- SUPPLIED MATERIAL:
Segment Open
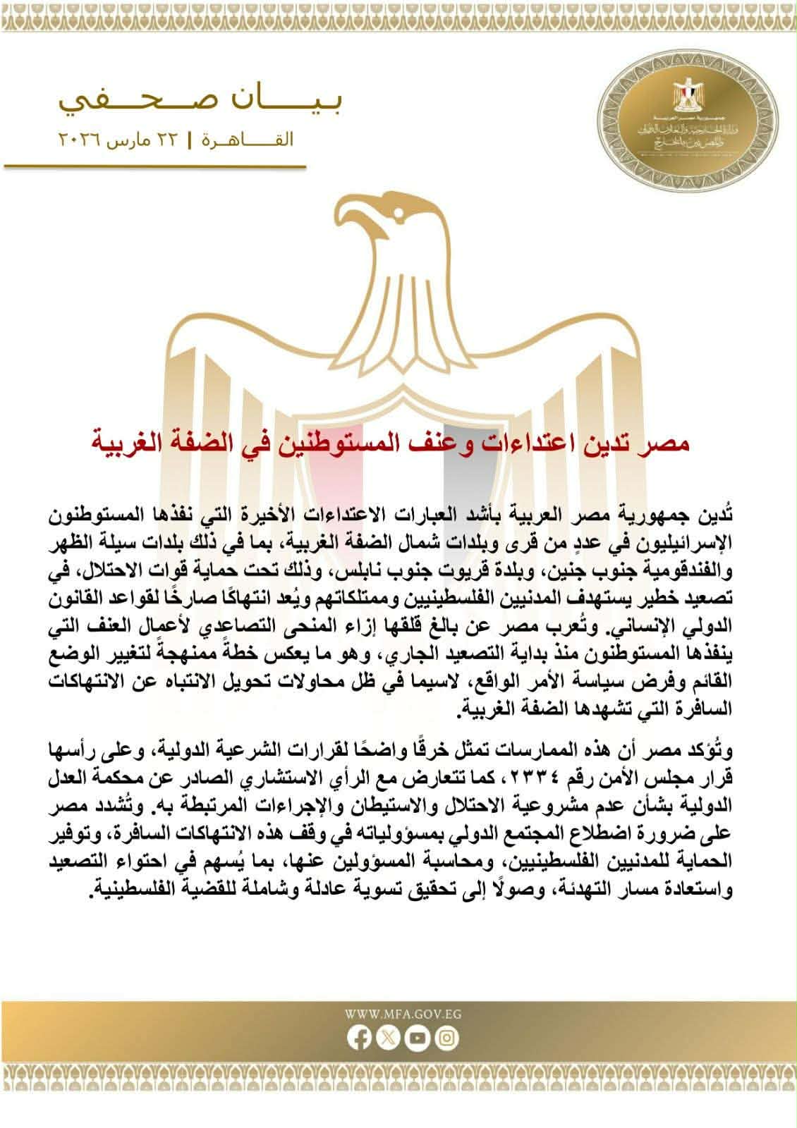 وتُؤكد مصر أن هذه الممارسات تمثل خرقًا واضحًا لقرارات الشرعية الدولية، وعلى رأسها قرار مجلس الأمن رقم ٢٣٣٤، كما تتعارض مع الرأي الاستشاري الصادر عن محكمة العدل الدولية بشأن عدم مشروعية الاحتلال والاستيطان والإجراءات المرتبطة به. وتُشدد مصر على ضرورة اضطلاع المجتمع الدولي بمسؤولياته في وقف هذه الانتهاكات السافرة، وتوفير الحماية للمدنيين الفلسطينيين، ومحاسبة المسؤولين عنها، بما يُسهم في احتواء التصعيد واستعادة مسار التهدئة، وصولًا إلى تحقيق تسوية عادلة وشاملة للقضية الفلسطينية.
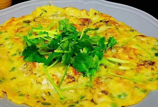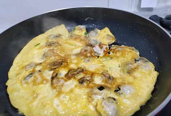 然后烧热锅,加入少许油,将牡蛎蛋放入锅中。一面煎好后,再煎另一面。两面煎好后,就可以拿出来吃了。
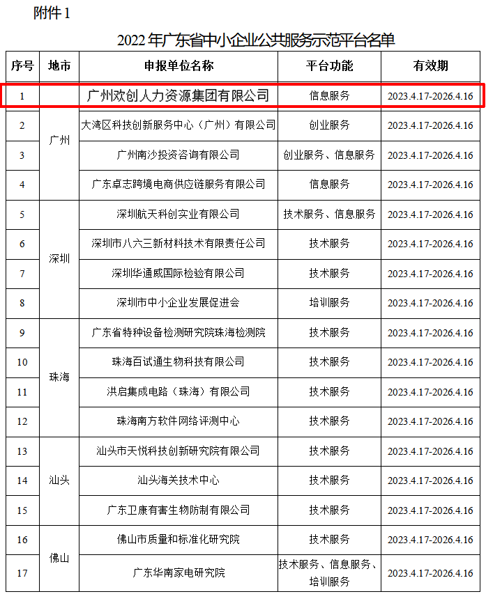 欢创集团被认定为2022年广东省中小企业公共服务示范平台
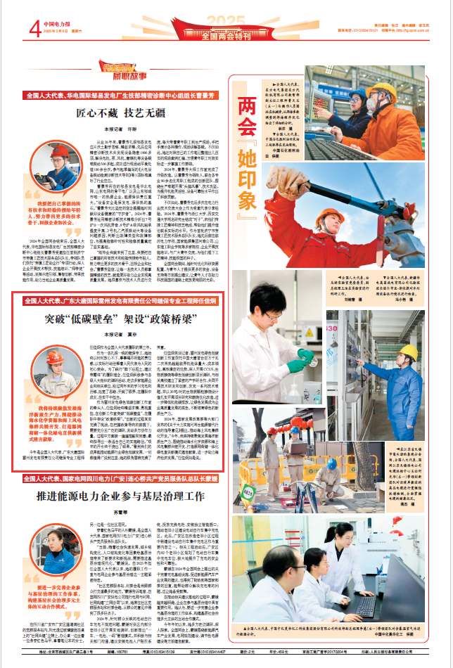 今年是全国人大代表、广东大唐国际雷州发电有限责任公司继保专业工程师任佳炯作为全国人大代表履职的第三年。
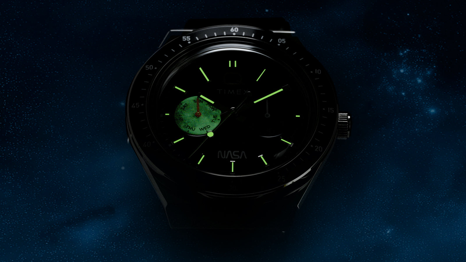 We're paying homage to the 1972 Apollo 17 mission to the moon with a cosmic reimagining of our '70s Q Timex. Full of stellar details, this watch includes a multifunction movement with sub-dials dedicated to tracking the day of the week, the date, and a day/night indicator depicting sun and moon illustrations. The most captivating detail: a luminous moon graphic in the day of the week sub-dial, glowing with the same in-fill as the hands and markers so that it shines like the moon itself. Turning the watch over reveals another tribute to space history with the iconic “Blue Marble” photograph, captured by Apollo 17 astronauts on their journey home. Completing the look is a natural leather strap responsibly sourced from the Leather Working Group (LWG) and an ornamental tachymeter bezel.Specifications
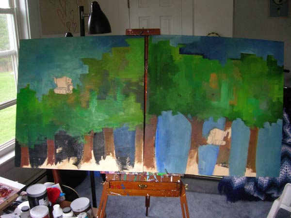 The Plumbing series continued this morning. My walk through the woods on Monday completely changed my position on where I thought roots and trunks belonged. There were so many trees with strange shapes bursting out of the ground. So I’ve been working at dropping the plane which the trees are coming out of.
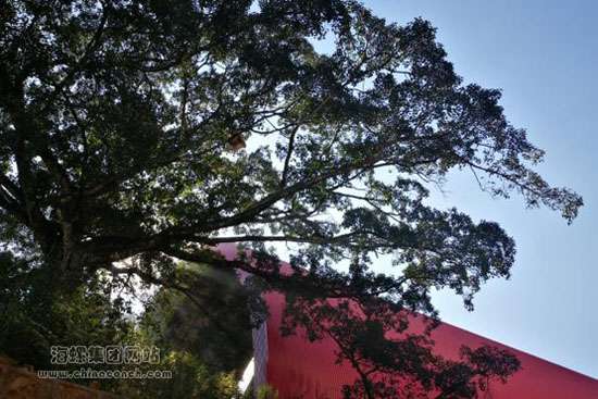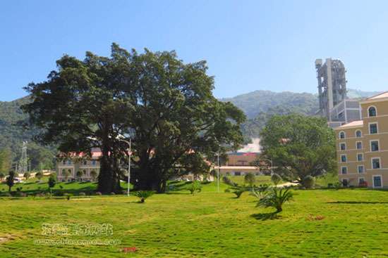 厂区规划范围之内有一棵参天的古榕树,被当地百姓视作神树,时常有人前往参拜。海螺水泥盈江公司为了尊重当地风俗,不影响百姓参拜,特地为这棵树修了一道U形的围墙。
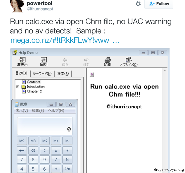 14年的时候@ithurricanept 在twitter上发了一个demo,通过CHM运行计算器:
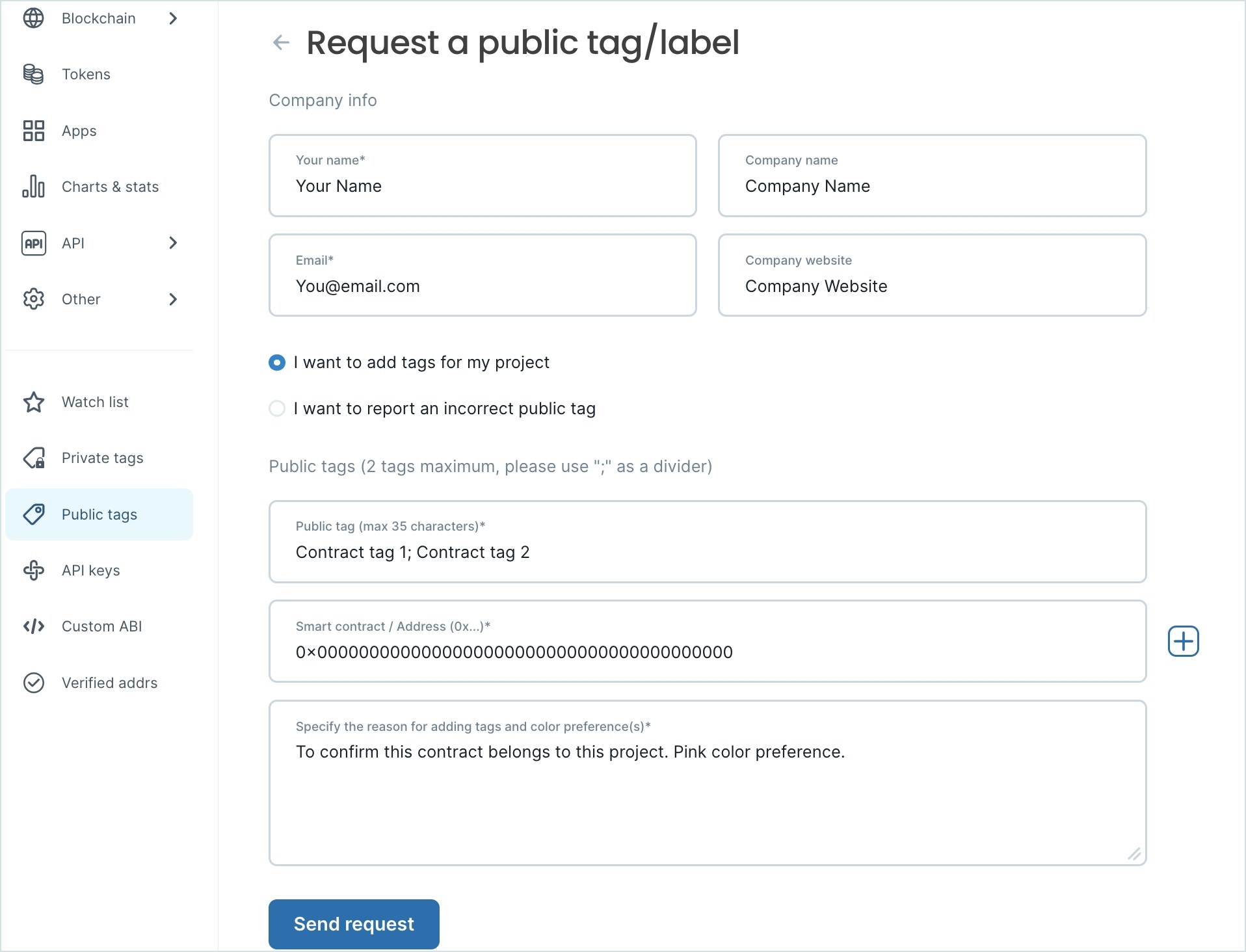 Fill out fields to request a public tag
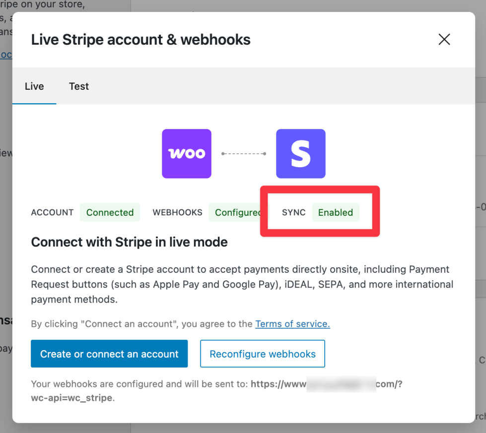If the Sync feature does not show Enabled, you will need to reconnect your site to Stripe’s system.
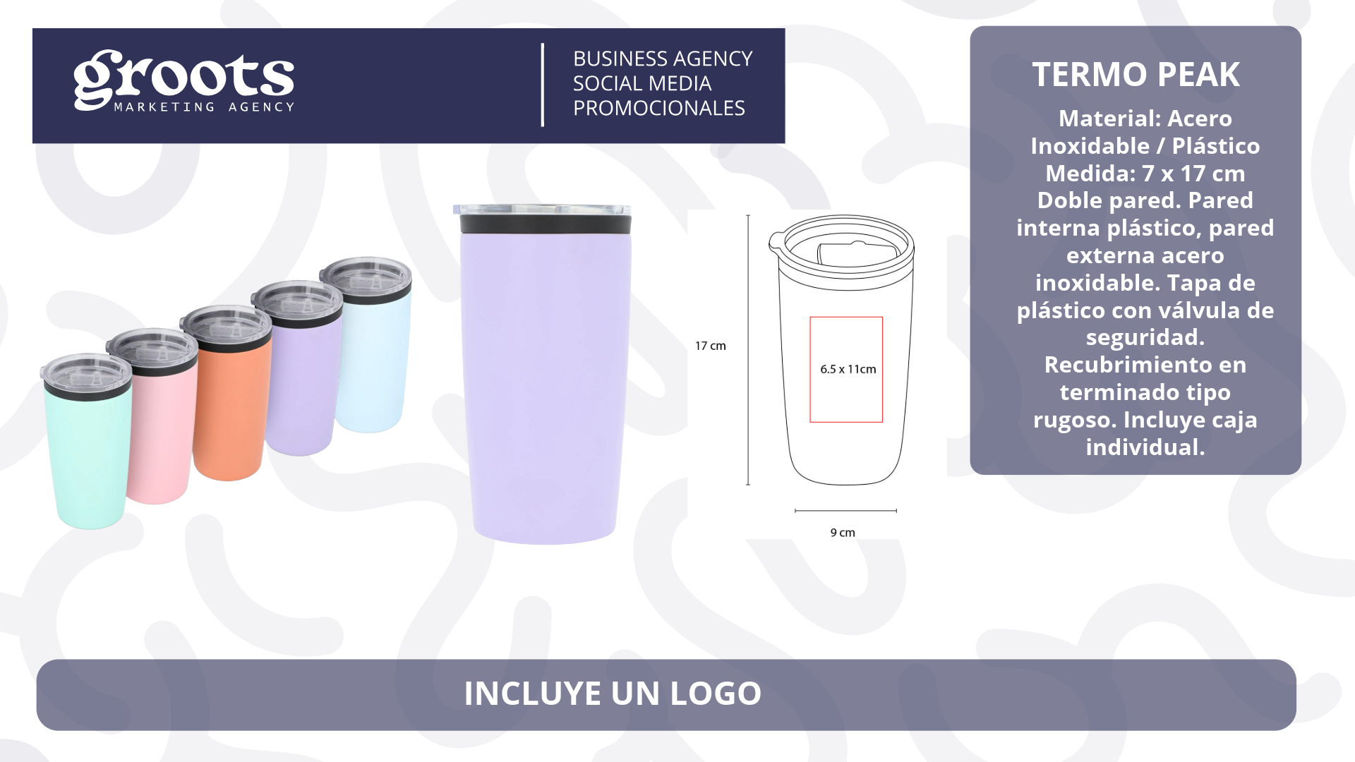 Termo Peak Doble pared. Pared interna plástico, pared externa acero inoxidable. Tapa de plástico con válvula de seguridad. Recubrimiento en terminado tipo rugoso. Incluye caja individual.
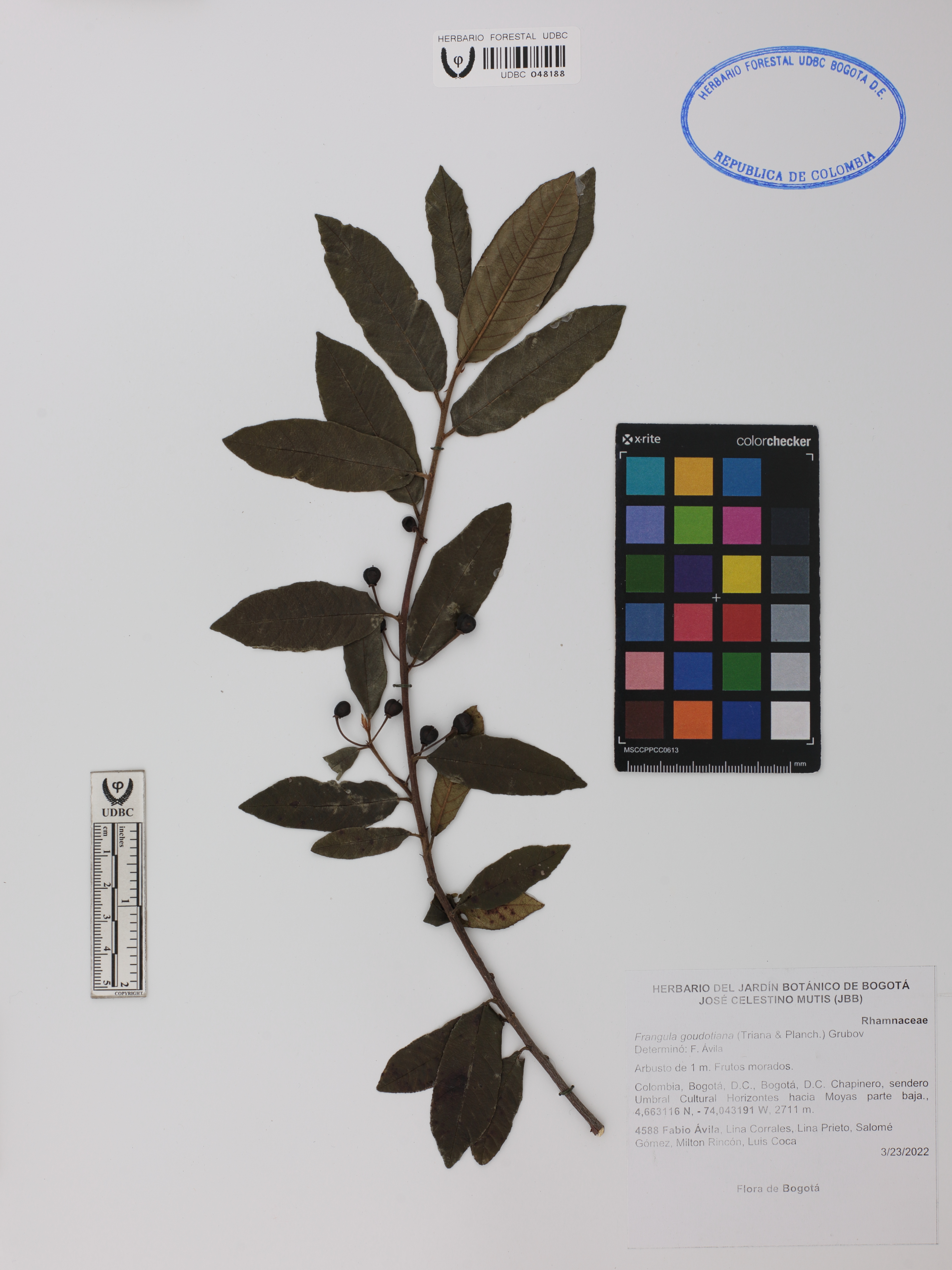 | dc.description | Fotografía del ejemplar Ávila, F. 4588, determinado como Frangula goudotiana en el año 2022 | |
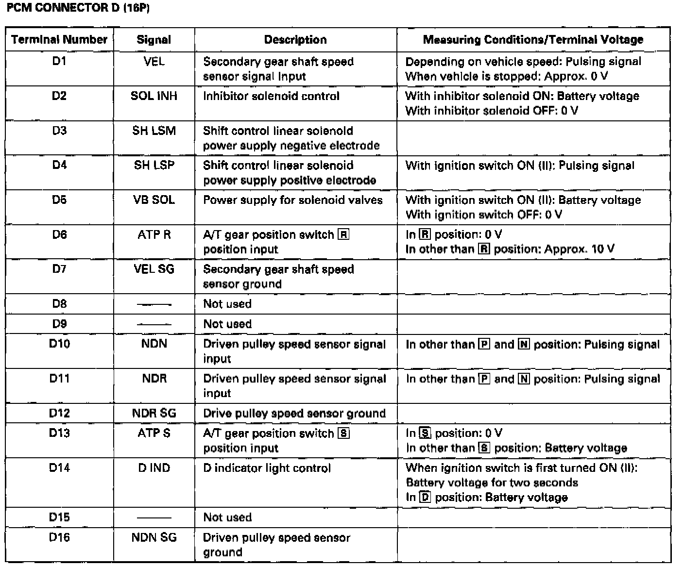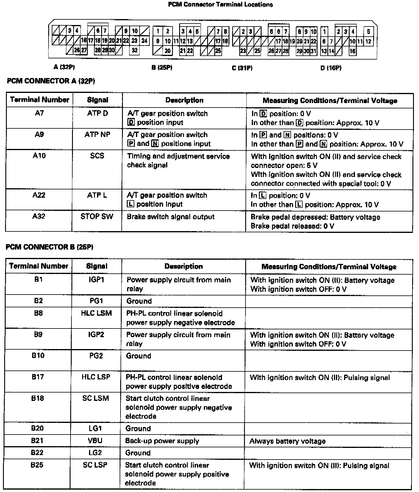 A/T Control System:The PCM terminal voltage and measuring conditions are shown for the connector terminals that relate to the A/T control system. The other PCM terminal voltage and measuring conditions are described under Computers and Control Systems/Normal Scan Data Values.
Segment Closed
- WHAT YOU WILL DO: From the records above, copy only the lines running from the line containing "欢创集团被认定为2022年广东省中小企业公共服务示范平台" to the line containing "今年是全国人大代表、广东大唐", both ends included. Leave the pictures out.

- REPLY:
 欢创集团被认定为2022年广东省中小企业公共服务示范平台
 今年是全国人大代表、广东大唐国际雷州发电有限责任公司继保专业工程师任佳炯作为全国人大代表履职的第三年。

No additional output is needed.